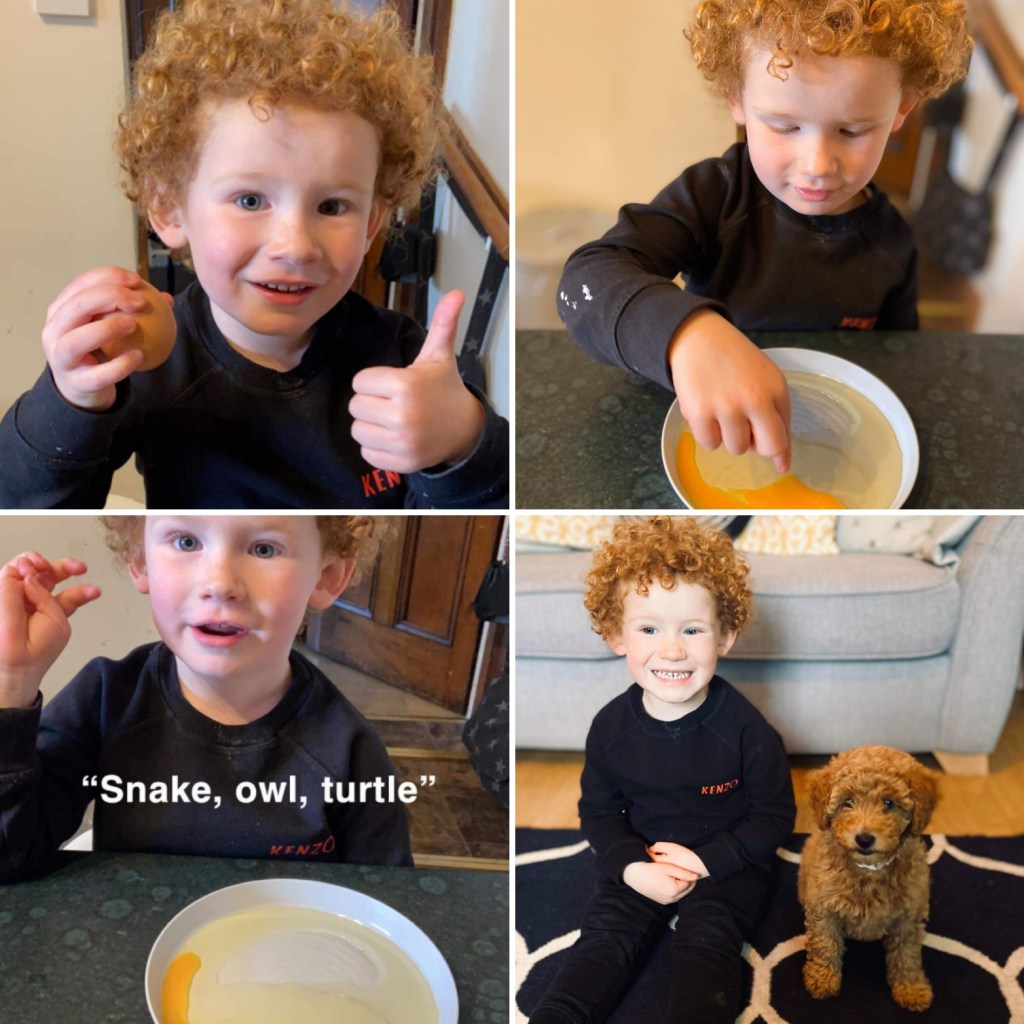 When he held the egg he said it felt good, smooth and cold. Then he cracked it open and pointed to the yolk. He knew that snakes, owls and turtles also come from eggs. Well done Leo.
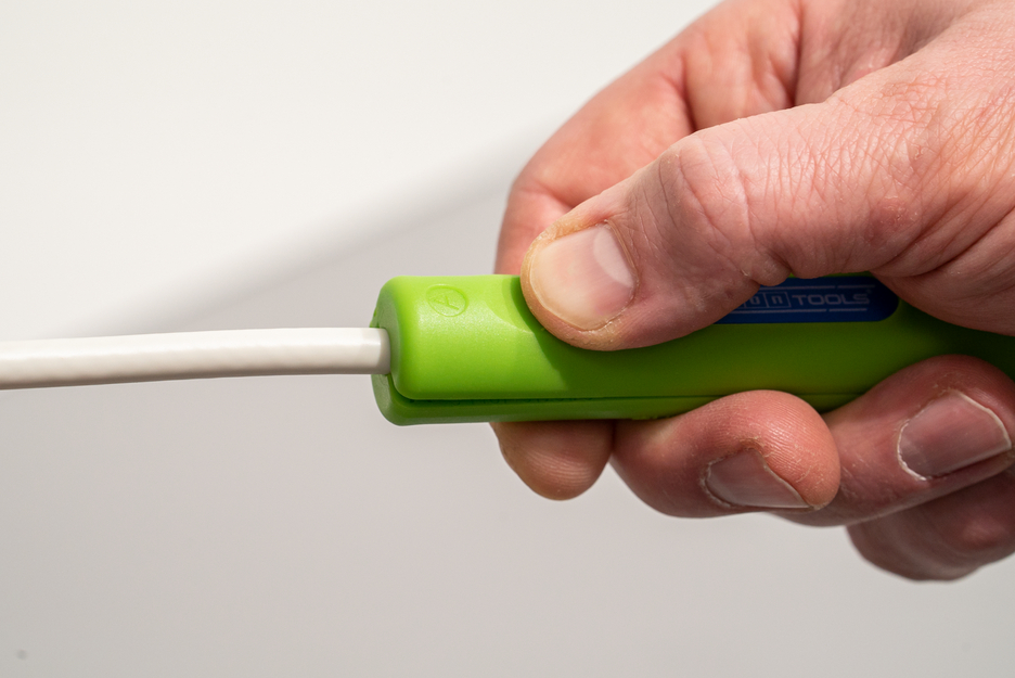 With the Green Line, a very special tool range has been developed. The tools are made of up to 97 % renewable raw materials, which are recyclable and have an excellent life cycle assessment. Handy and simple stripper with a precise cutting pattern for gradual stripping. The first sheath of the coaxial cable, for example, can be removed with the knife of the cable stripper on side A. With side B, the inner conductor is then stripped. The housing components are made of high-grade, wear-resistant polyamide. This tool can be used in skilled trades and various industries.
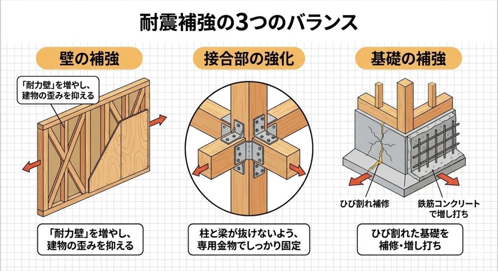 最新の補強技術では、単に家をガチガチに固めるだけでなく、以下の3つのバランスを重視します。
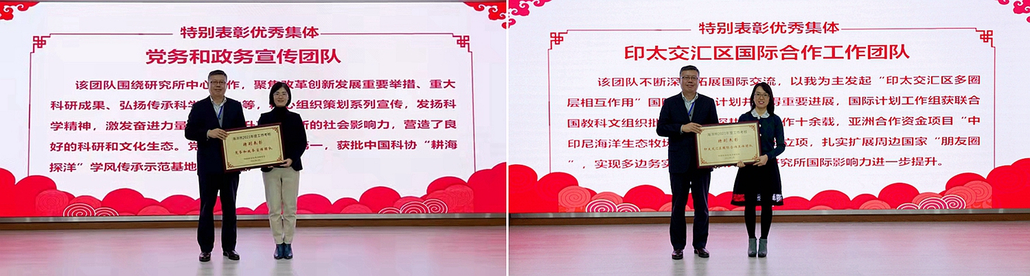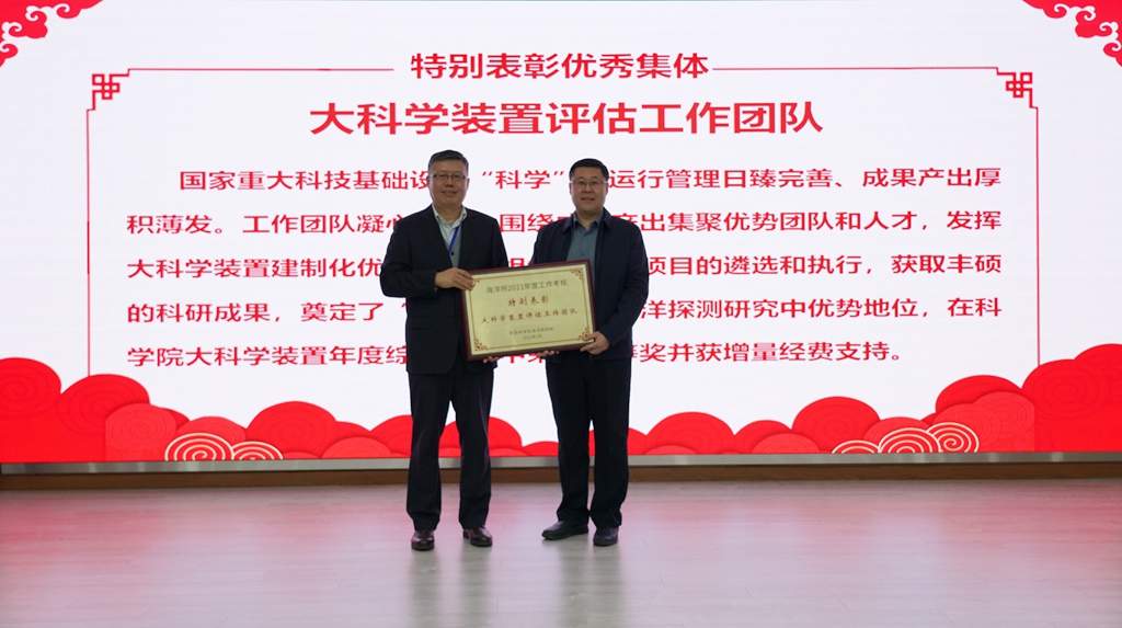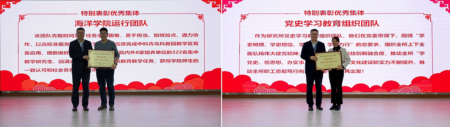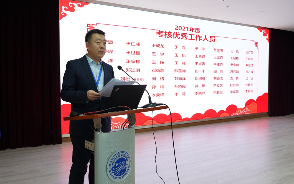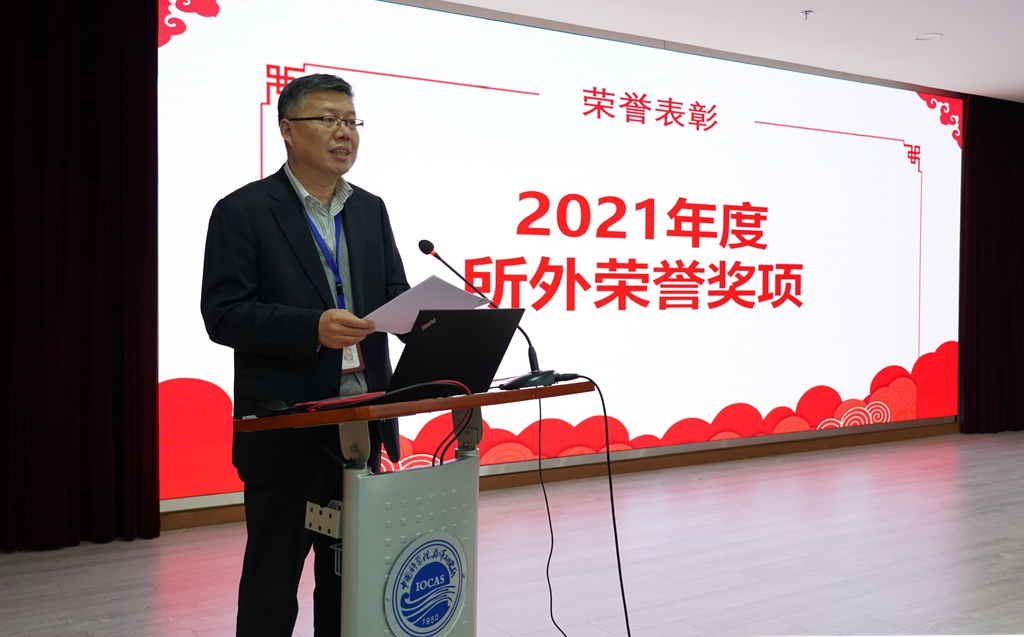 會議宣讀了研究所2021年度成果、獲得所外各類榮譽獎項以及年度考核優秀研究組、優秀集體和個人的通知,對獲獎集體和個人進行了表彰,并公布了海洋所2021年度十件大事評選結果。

○ ○ ○ ○ ○ ○ ○

_Directions for this task:_ The whole listing above should be restated word for word, minus any images.

_Exercise solution:_
 When he held the egg he said it felt good, smooth and cold. Then he cracked it open and pointed to the yolk. He knew that snakes, owls and turtles also come from eggs. Well done Leo.
 With the Green Line, a very special tool range has been developed. The tools are made of up to 97 % renewable raw materials, which are recyclable and have an excellent life cycle assessment. Handy and simple stripper with a precise cutting pattern for gradual stripping. The first sheath of the coaxial cable, for example, can be removed with the knife of the cable stripper on side A. With side B, the inner conductor is then stripped. The housing components are made of high-grade, wear-resistant polyamide. This tool can be used in skilled trades and various industries.
 最新の補強技術では、単に家をガチガチに固めるだけでなく、以下の3つのバランスを重視します。
 會議宣讀了研究所2021年度成果、獲得所外各類榮譽獎項以及年度考核優秀研究組、優秀集體和個人的通知,對獲獎集體和個人進行了表彰,并公布了海洋所2021年度十件大事評選結果。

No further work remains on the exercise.